If you read the stories in here, of "mistakes" that people have made here, you will come to realize that a lot of stuff happens in the normal course of brewing, and the beer still manages to survive, so if you make a mistake, you don't need to immedietly panic and assume your beer is ruined.....
https://www.homebrewtalk.com/f39/wh...where-your-beer-still-turned-out-great-96780/
And a lot of stuff can be corrected with time anyway.

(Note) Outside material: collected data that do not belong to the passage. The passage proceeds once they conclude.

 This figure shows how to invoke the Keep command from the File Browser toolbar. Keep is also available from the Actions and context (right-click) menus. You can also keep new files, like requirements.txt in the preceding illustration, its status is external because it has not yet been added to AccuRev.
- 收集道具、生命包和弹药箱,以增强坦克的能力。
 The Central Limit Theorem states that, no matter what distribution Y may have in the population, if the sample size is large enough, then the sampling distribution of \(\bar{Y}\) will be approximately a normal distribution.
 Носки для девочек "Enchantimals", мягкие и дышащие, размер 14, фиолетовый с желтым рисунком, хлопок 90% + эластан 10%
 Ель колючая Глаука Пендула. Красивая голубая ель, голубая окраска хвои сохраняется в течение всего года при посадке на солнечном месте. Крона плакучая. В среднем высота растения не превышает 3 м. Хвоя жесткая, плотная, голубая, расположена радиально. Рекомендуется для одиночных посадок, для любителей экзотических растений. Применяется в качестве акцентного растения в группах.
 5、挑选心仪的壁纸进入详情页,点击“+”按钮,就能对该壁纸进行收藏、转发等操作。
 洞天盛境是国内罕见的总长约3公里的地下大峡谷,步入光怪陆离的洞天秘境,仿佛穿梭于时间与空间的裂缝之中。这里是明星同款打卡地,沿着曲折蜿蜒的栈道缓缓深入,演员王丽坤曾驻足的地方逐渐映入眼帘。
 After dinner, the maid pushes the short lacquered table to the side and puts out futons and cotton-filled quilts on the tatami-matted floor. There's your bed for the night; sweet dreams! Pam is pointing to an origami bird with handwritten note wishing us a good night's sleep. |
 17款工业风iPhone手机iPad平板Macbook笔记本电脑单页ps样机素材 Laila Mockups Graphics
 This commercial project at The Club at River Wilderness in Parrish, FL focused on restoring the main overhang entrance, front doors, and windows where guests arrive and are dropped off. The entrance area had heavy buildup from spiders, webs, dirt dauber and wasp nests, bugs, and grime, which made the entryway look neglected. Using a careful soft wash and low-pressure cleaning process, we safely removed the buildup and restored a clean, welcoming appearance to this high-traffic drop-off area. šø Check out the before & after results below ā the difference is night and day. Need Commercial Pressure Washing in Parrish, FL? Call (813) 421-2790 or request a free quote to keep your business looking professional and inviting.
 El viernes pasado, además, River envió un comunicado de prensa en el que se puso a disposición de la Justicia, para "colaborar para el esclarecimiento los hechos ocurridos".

https://www.homebrewtalk.com/f39/ne...virtue-time-heals-all-things-even-beer-73254/
In years of brewing and in helping panic new brewers I've yet to find cases where it wasn't a false alarm in just about anything any new brewer has claimed, and that is the case for the dreaded HSA, Autolysis, and 99.95% of the new brewer infection threads as well.
I'll save you the bother of searching, but here's a few of those new brewer HSA panic threads...
https://www.homebrewtalk.com/f36/hot-side-aeration-so-im-idiot-71873/
https://www.homebrewtalk.com/f12/who-afraid-hsa-76779/
https://www.homebrewtalk.com/f13/hot-side-aeration-71806/
HSA is something that get's discussed by commercial brewers in journals, and some overzealous homebrewer then starts worrying about it, and it get spread into the HOBBY community, with little understanding...and then people brewing thier first beer start threads worrying about it...
So don't sweat your new brewer head about HSA....or anything, you beer is much hardier than you think...
And if you still are worried, then watch this video of a commercial brewhouse...
You think they are concerned about HSA?
The only time we have to be concerned with oxygenating and getting liquid cardboard is when fermentation has started. Oxygen + Fermented Beer = Liquid Cardboard.
Man, we haven't had an HSA believer on here in a couple years...thought that one was dead and buried.